We know that the coordinates of the point R which divides the line segment joining two points P (x_{1}, y_{1}, z_{1}) and Q (x_{2}, y_{2}, z_{2}) externally in the ratio m: n is given by:

\( \dfrac{mx_2+nx_1}{m+n}, \dfrac{my_2+ny_1}{m+n}, \dfrac{mz_2+nz_1}{m+n}\)

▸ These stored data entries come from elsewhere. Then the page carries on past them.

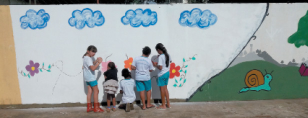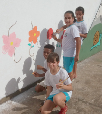 Realizamos as pesquisas na internet para conhecer, por meio de fotos e contatos, outras escolas que realizaram pinturas em seu muro, para construir o novo visual da nossa escola.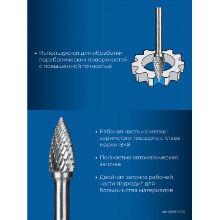 Борфреза твердосплавная 10?20 мм тип G парабола с острым углом хв-к 6 мм Профессионал ЗУБР 28806-10-20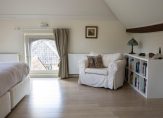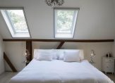 De ruime masterbedroom, ademt de sfeer van een hotelsuite, beschikt over grote elektrische dakramen met zonwering en verduisterende gordijnen met uitzicht op de tuin. De royale inloopkast zorgt voor extra comfort en luxe.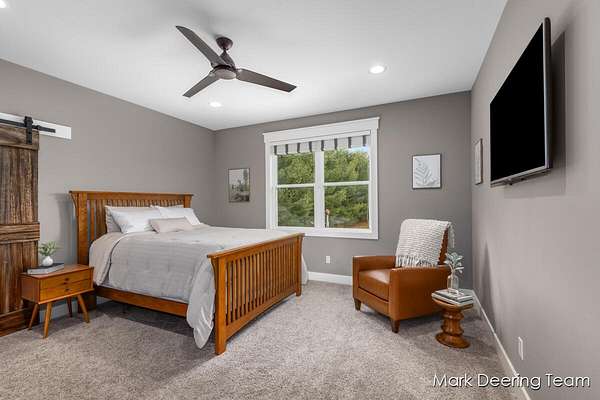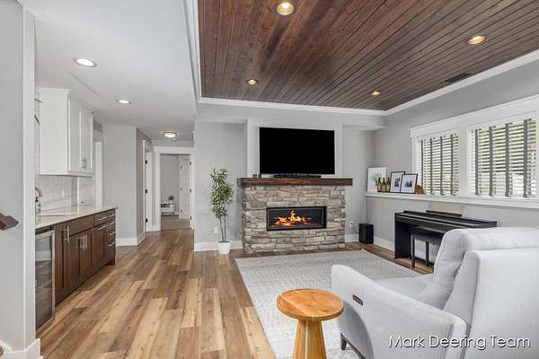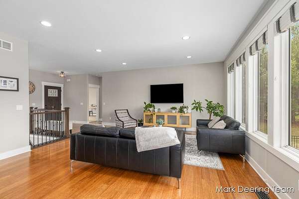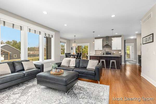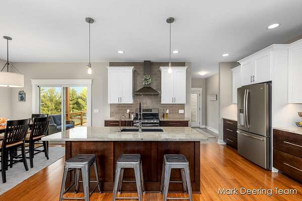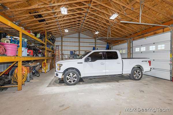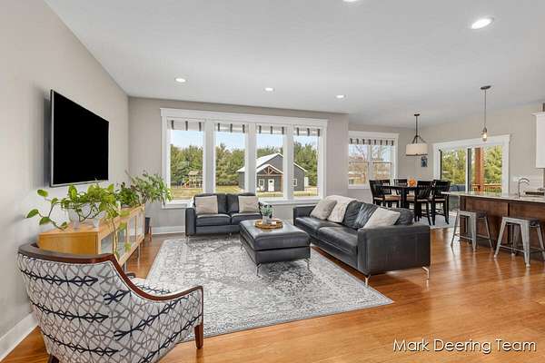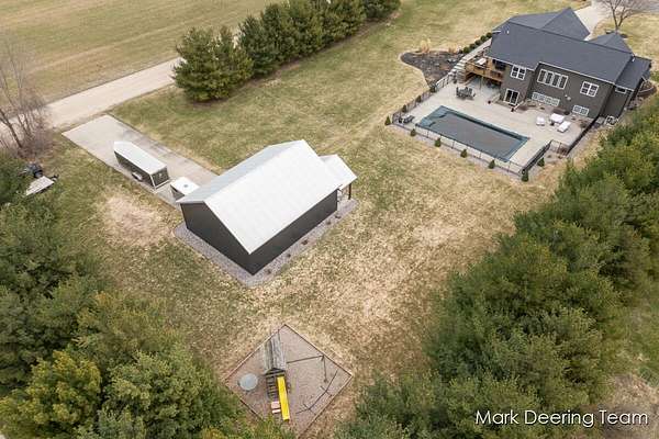 Welcome to your dream property! Acreage, giant pole barn, newer construction with high-end finishes, in-ground pool, and all the entertaining space you could want! Step inside to a stunning wall of windows filling the home with natural light, complemented by 9-foot ceilings and warm bamboo floors. The kitchen is perfect for gathering, featuring hard surface countertops, a large center island with a deep sink, walk-in pantry, and subway tile backsplash. The primary suite is a true retreat with a soaking tub, tiled glass shower, vanity area, and walk-in closet with built-in shelving. The finished walkout lower level continues the high-end feel with a fireplace, wood accent ceiling, kitchenette, two bedrooms, and a flexible third room. Outside, enjoy a private, tree-lined yard with an in-ground pool. A heated three-stall garage and a large pole barn with its own driveway provide plenty of room for storage, hobbies, and all your toys. Don't miss your chance to make this your home!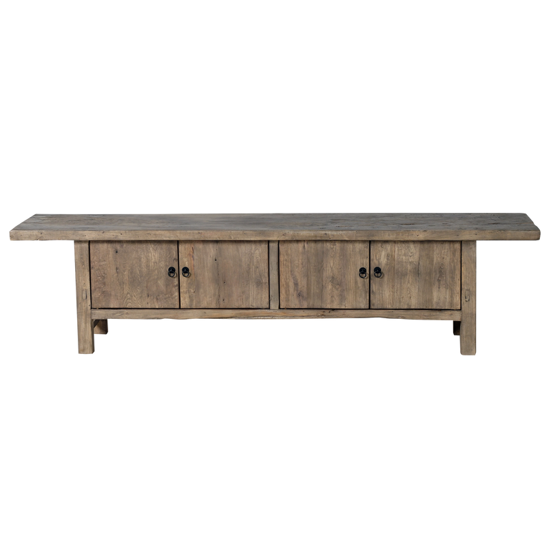 Sa silhouette allongée et ses quatre portes en façade lui confèrent une grande capacité de rangement tout en conservant une ligne visuelle épurée. Le plateau conserve ses bords irréguliers d’origine, apportant une touche organique qui souligne le travail artisanal. Grâce à sa hauteur basse, ce meuble peut aussi bien servir de meuble TV que de banc de rangement ou de console dans un intérieur contemporain, rustique ou minimaliste.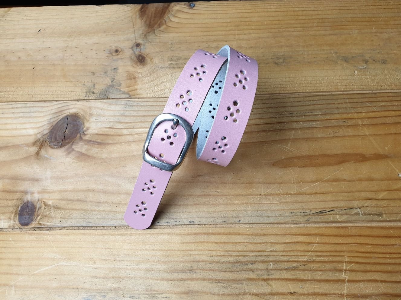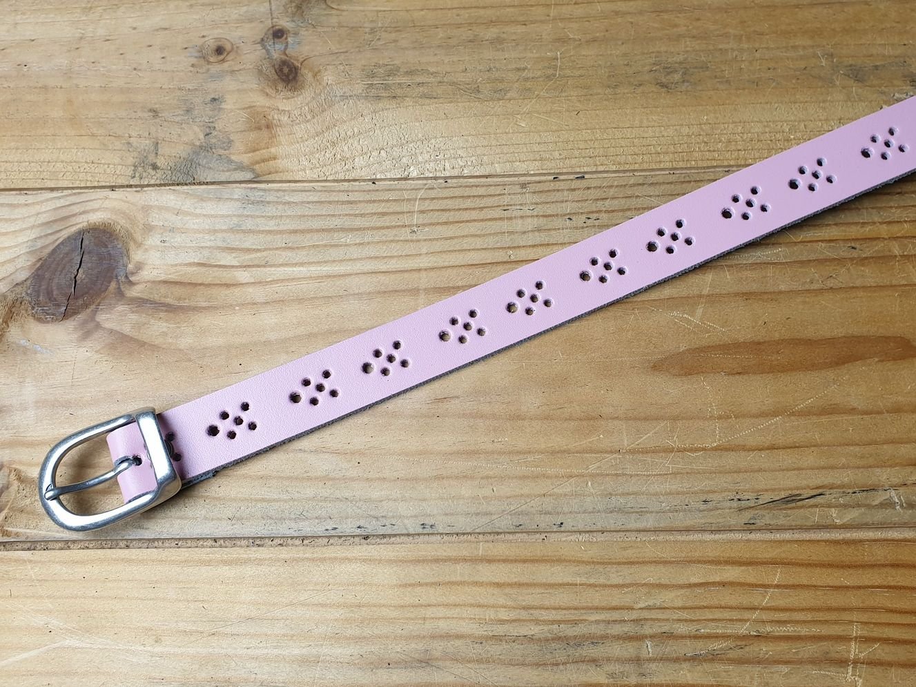 Kindergürtel 2.5 cm breit in rosa Spaltleder mit ganzer Schliesse in altsibrig. durchgehend mit Lochmuster. Kann in jedem Loch getragen werden. Offenkantig, ohne Kantenbearbeitung.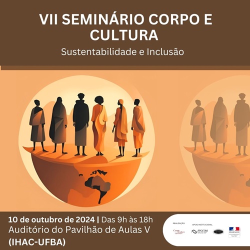 O VII Seminário Corpo e Cultura é uma promoção do grupo de pesquisa Corpo e Cultura (Cadastrado no CNPq) – sob a coordenação das professoras doutoras Renata Pitombo Cidreira (UFRB) e Beatriz Ferreira Pires (USP) – com o apoio institucional e financeiro do Programa Multidisciplinar de Pós-graduação em Cultura e Sociedade (Pós-Cultura) da Universidade Federal da Bahia (UFBA), e do Programa de Pós-graduação em Comunicação – Mídia e Formatos Narrativos (PPGCOM) da UFRB. As inscrições para o evento são gratuitas e podem ser feitas através do link disponível no Instagram: @gpcorpoecultura.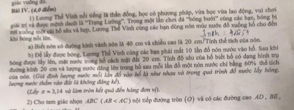 Nước sau khi đổ `10` nón nước vào hố có dạng hình trụ đường kinh `20\ cm`
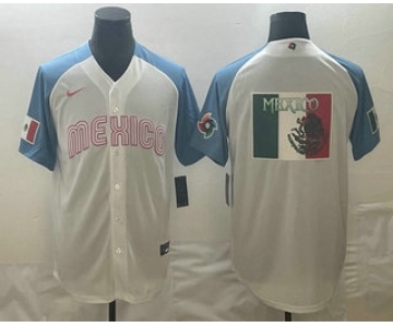 Your Position: Home>NIKE MLB Jerseys>2023 World Baseball Classic>Mexico>Men's Mexico Baseball 2023 White Blue World Big Logo Classic Stitched Jersey

We have, the point R dividing the line segment joining the points (-2,3,5) and (1,-4,6) externally in the ratio 2:3

\( x= \dfrac{2(1)+3(-2)}{2-3}\)

\( y= \dfrac{2(-4)+3(3)}{2-3}\)

\( z= \dfrac{2(6)+3(5)}{2-3}\)

On solving we get,

x = -8

y = 17

z = 3

Therefore, the coordinates we obtain are, (-8,17,3)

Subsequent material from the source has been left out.